Critical Distance and the Academic Study of Entrepreneurship

29 04 2012



As a historian who studies entrepreneurship, I try to keep up-to-date on what other social scientists are saying about it. Kate Maxwell of the Kaufmann Foundation’s entrepreneurship programme  recently blogged about the gap between the academics who study entrepreneurship and actual flesh-and-blood entrepreneurs.


In my reading of the entrepreneurship literature I have been struck by the large gap between entrepreneurs and people who study entrepreneurship. The group of people who self select into entrepreneurship is almost entirely disjoint from the group of people who self select to study it. Such a gap exists in other fields to greater and lesser degrees. Sociologists, for instance, study phenomenon in which they are clearly participants whereas political scientists are rarely career politicians but are often actors in political systems.
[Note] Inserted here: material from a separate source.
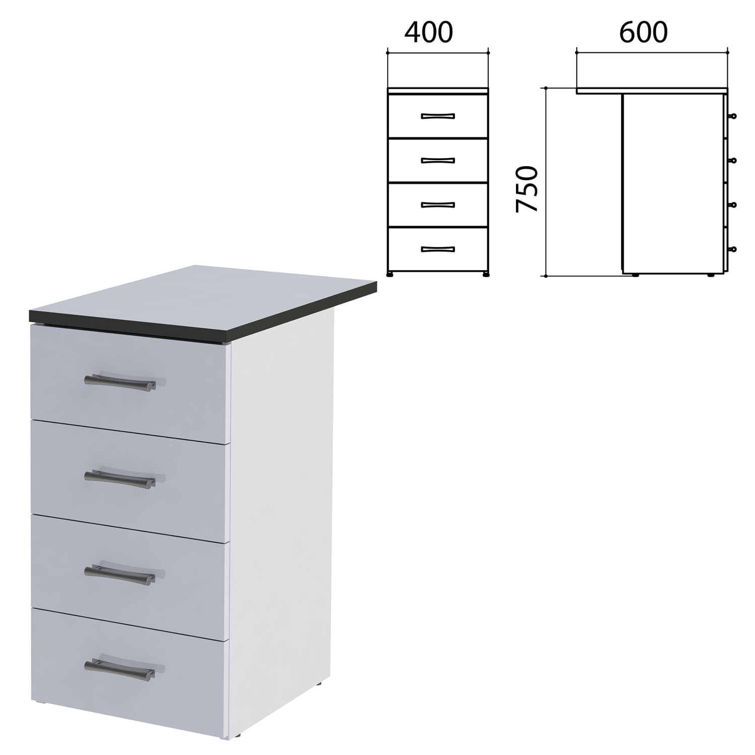 Тумба приставная "Монолит", 400х600х750 мм, цвет серый (КОМПЛЕКТ)

But in the case of entrepreneurship the gap is cause for concern. My sense is that all too often those studying entrepreneurship don’t understand, even through exposure, the messy process of creating a business, nor, due to selection effects, are they naturally inclined to think like an entrepreneur might.


What Kate Maxwell said here sounds reasonable.  Yes, academics who study entrepreneurs should probably speak to entrepreneurs. However, I think that it is also important for scholars of any social phenomenon to maintain their critical distance. The last thing we want is for scholars of entrepreneurship to fall into the trap of hero worship.